Hello! I'm new on this site and really want to start breeding mice. I have a gorgeous black male called Baby (we did think he was a girl at first, hence the name) who is super tame, friendly and just all around brilliant. I recently just bought a chocolate female called Ruby and am just waiting for her to mature a bit (to 3 or 4 months) before breeding them.

I am a complete and utter beginner with breeding mice and would love any input and advice from some more experienced members. At the moment I am just looking into breeding mice as a hobby, obviously making sure they go to the best possible homes and not tiring my dear Ruby out with back to back litters, but in the future would love to breed mice to show.

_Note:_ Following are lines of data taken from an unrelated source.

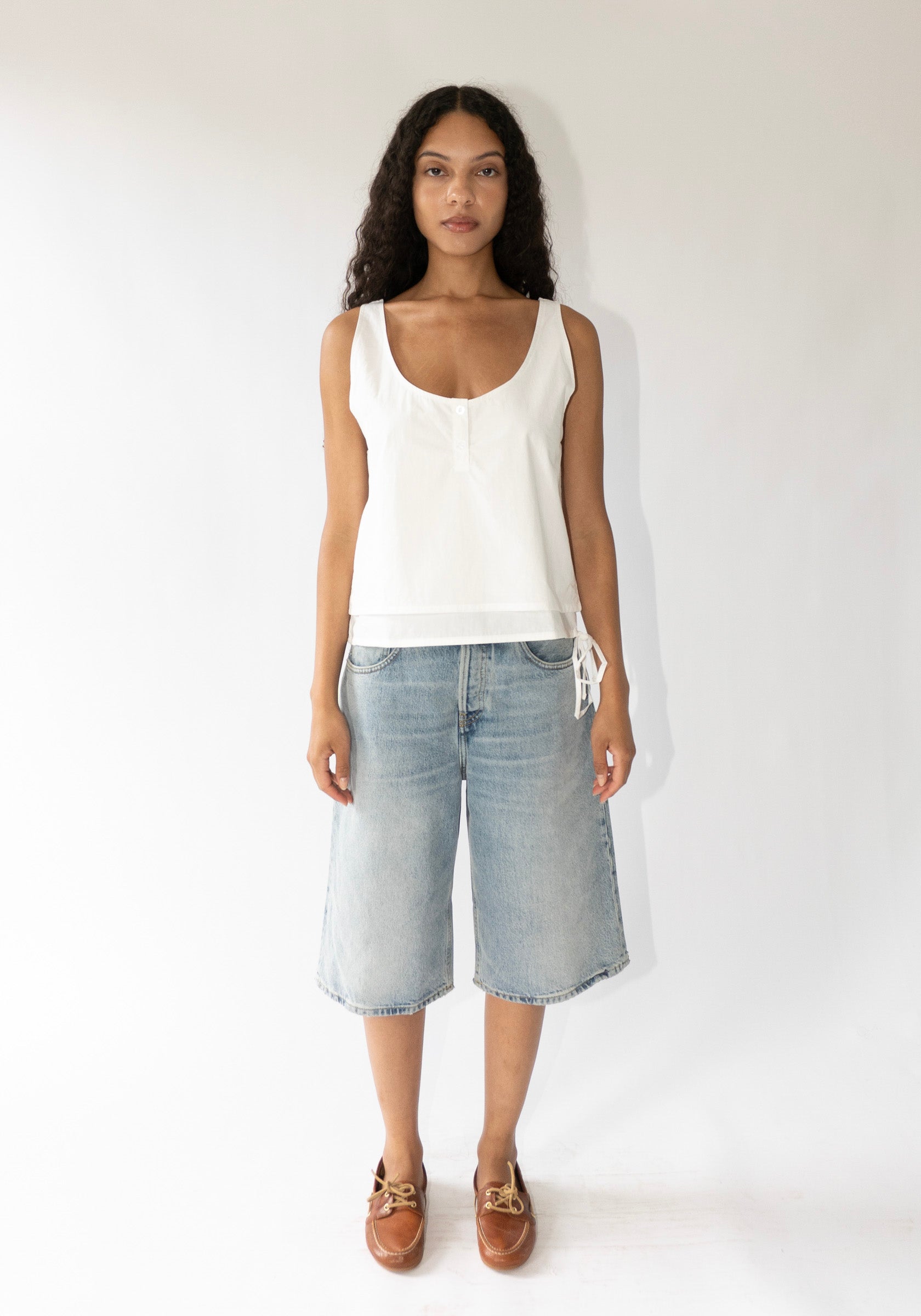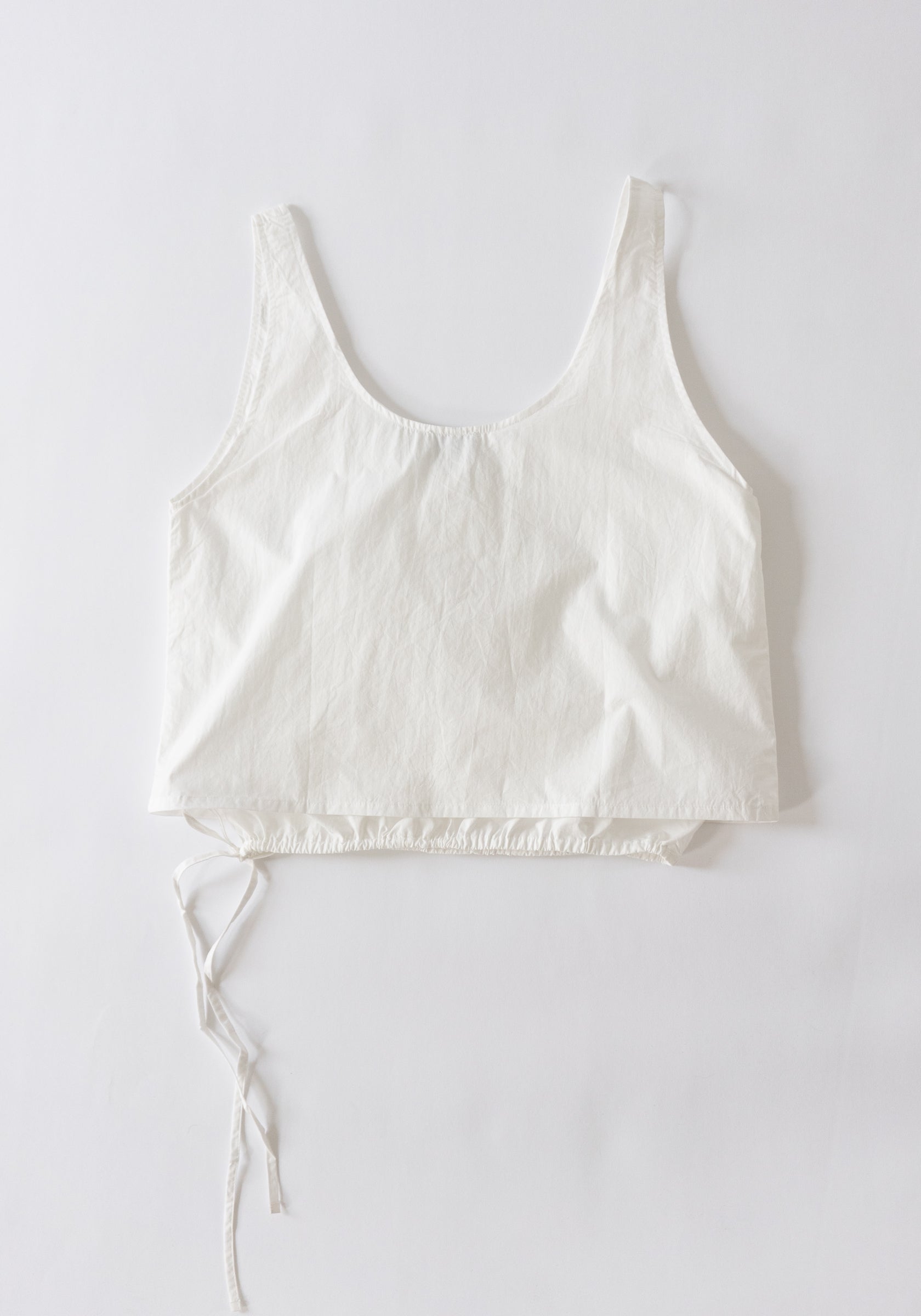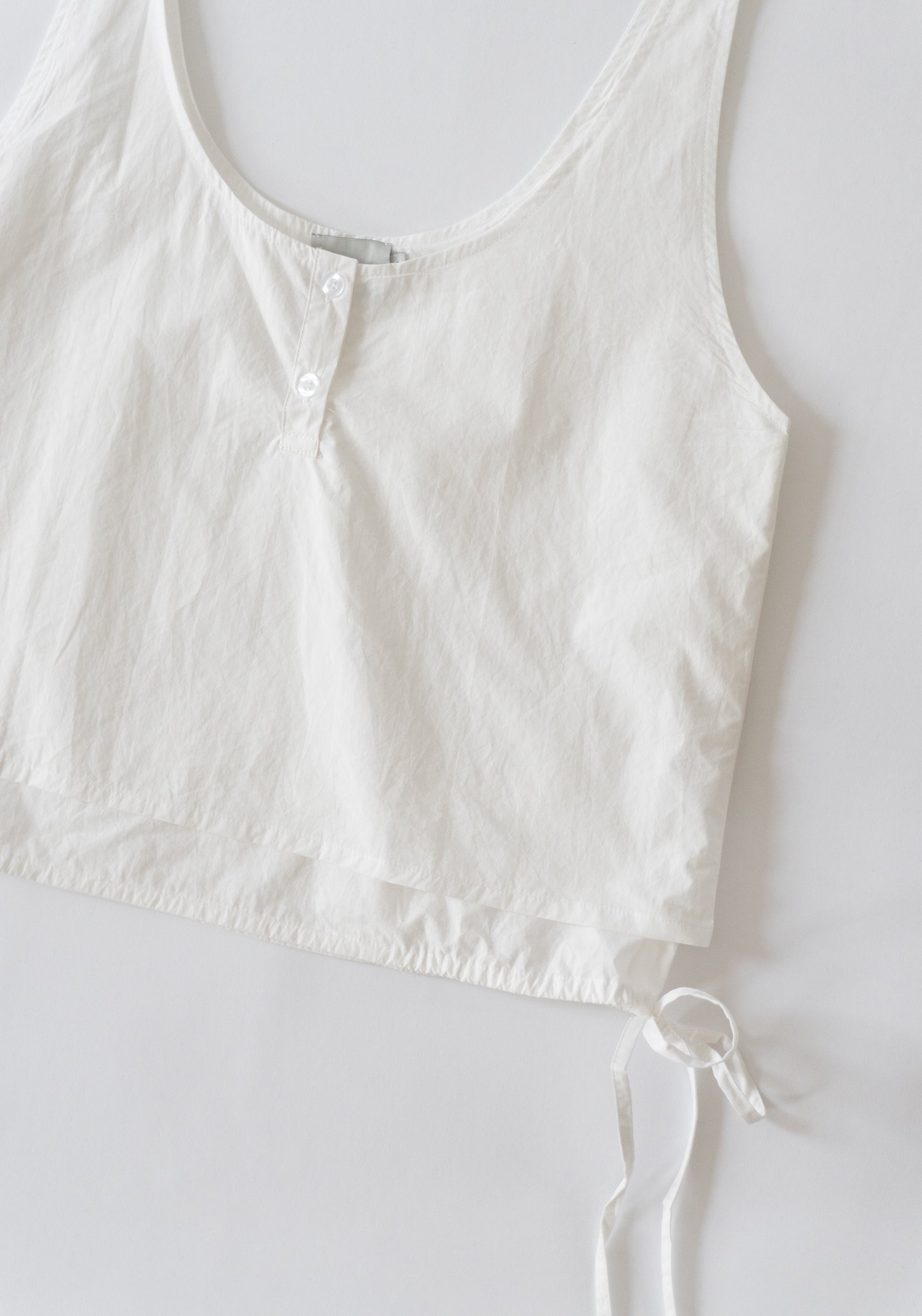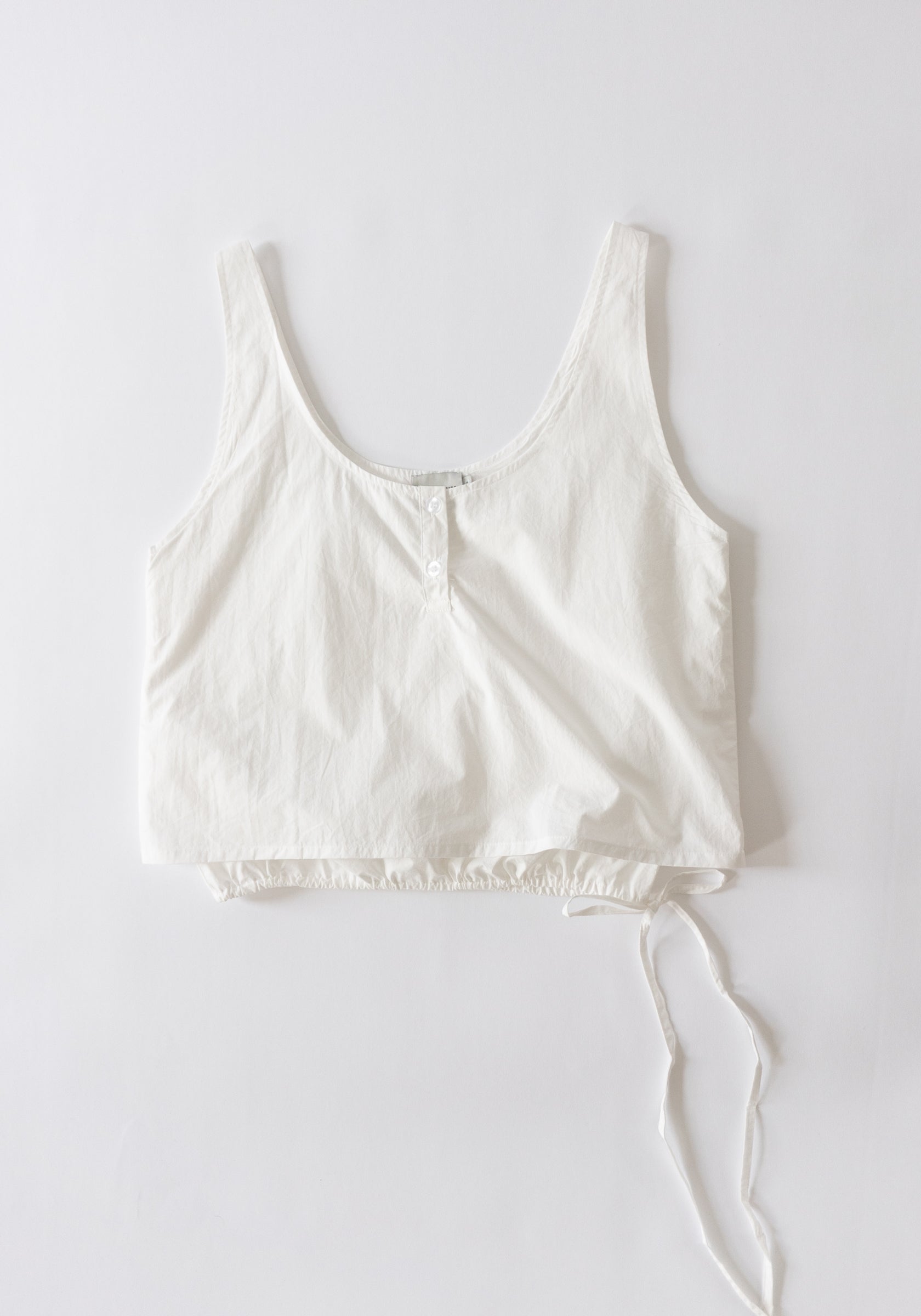 Layered Top in White from Deiji Studio. A double-layered sleeveless top featuring a soft scooped neckline and button front placket. Designed with a relaxed silhouette, drawcord hem and long waist ties for adjustable styling
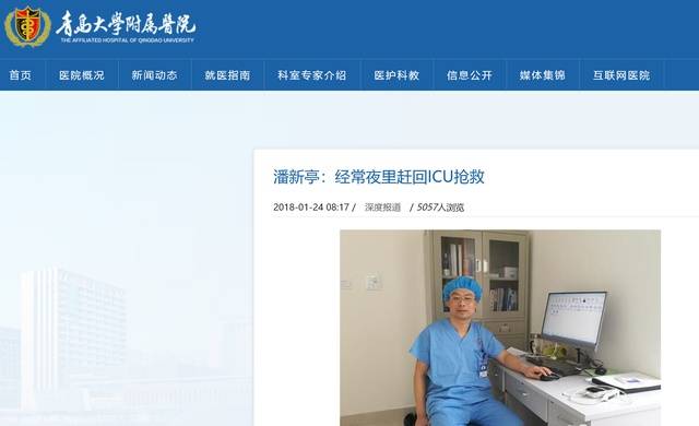2018年,青岛大学附属医院曾转载大众报业旗下“信网”关于潘新亭的报道,称其经常深夜加班,医术高超工作负责,不少病人都给他送过锦旗。
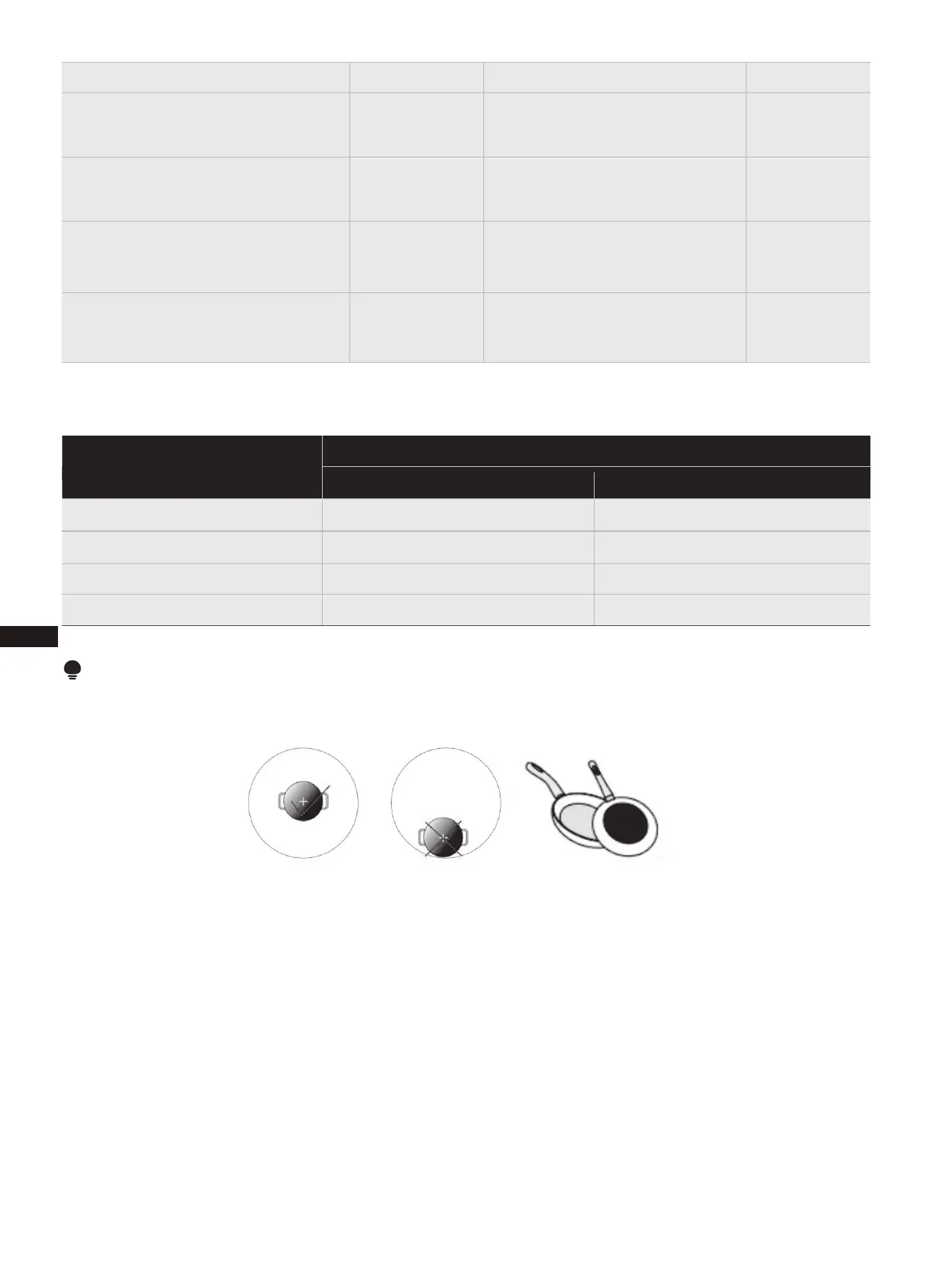 • L'utilisation d'une mauvaise casserole nécessite une plus grande taille pour la cuisson.
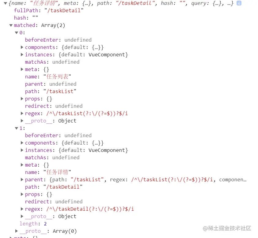 可以看到this.$route 显示了当前激活的路由的信息对象。这个对象是局部的,可以获取当前路由的 path, name, params, query 等属性,这里就不细说了。
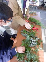 5・6限目の1年総合実習ではクリスマスリースの作成に挑戦しました。なかなか上手くいかず、講師の先生に助けていただきながら完成することができました。
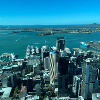Das letzte Ziel unseres Ausflugs an diesem Tag ist der Skytower, das höchste Gebäude der südlichen Hemisphäre und bestimmt ein modernes Wahrzeichen von Auckland. Insgesamt ist er 328 mtr. hoch. Es gibt zwei Aussichtsplattformen auf 186 und 220 mtr. Auf 192 mtr. Höhe hat man Gelegenheit einen Skyjump (192 mtr. an Seilen gesichert runterspringen - hat eine gute Freundin von mir gewagt!) oder, ebenfalls gesichert, einmal auf einer Plattform im Freien um den Turm herum zu gehen. Ich habe auf beides verzichtet! Aber der Blick von oben ist unbeschreiblich und auch der Blick senkrecht nach unten - wenn man auf einer der in den Boden eingelassenen Glasscheiben steht - ist atemberaubend.
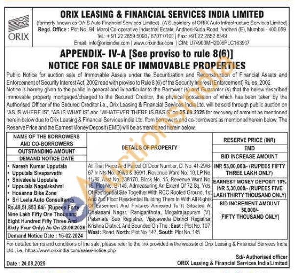 All That Piece And Parcel Of Door Number, D. No. 41-29/6-67 In Nts No. 368/3 & 369/1, Revenue Ward No. 10, LP No. 11/85, Asst No. 238170, Block No. 15, Revenue Ward No. 15, Plot No. B-145, Admeasuring An Extent Of 72 Sq. Yds. Of Residential Site Together With RCC Roofed Ground, 1st And 2nd Floor Residential Building There In With All Rights Of Easement And Fixtures Annexed To It Situated At Chalasani Nagar, Ranigarithota, Mogalrajapuram (V). Patamata Sub Registrar, Vijayawada District Registrar, Krishna District, And Bounded On The East: Plot No. 107, West: Road, North: Plot No. 147, South: Plot No. 145

I am in the West Yorkshire area and was wondering if there was a good show to start off with and kind of build it up from there.

I look forward to receiving any advice, help or just general comments anyone wants to offer on breeding and shows, or just anything you think I should know.

Thanks!!


----------



## Galaxy (May 25, 2011)

Hello


----------



## tinyhartmouseries (Dec 30, 2010)

Start reading all of our breeding threads, most everything in the world has been posted, I think, LOL! There is tons of info here!!!!!!!!!!!!!!!!!!  Welcome!!!


----------



## Kallan (Aug 16, 2009)

Hello and welcome  Go and peruse


----------



## wildrose (Apr 27, 2011)

Hi! Welcome  I'm sure you'll have more specific questions as you go along. Just read everything you can! Thats my advice.


----------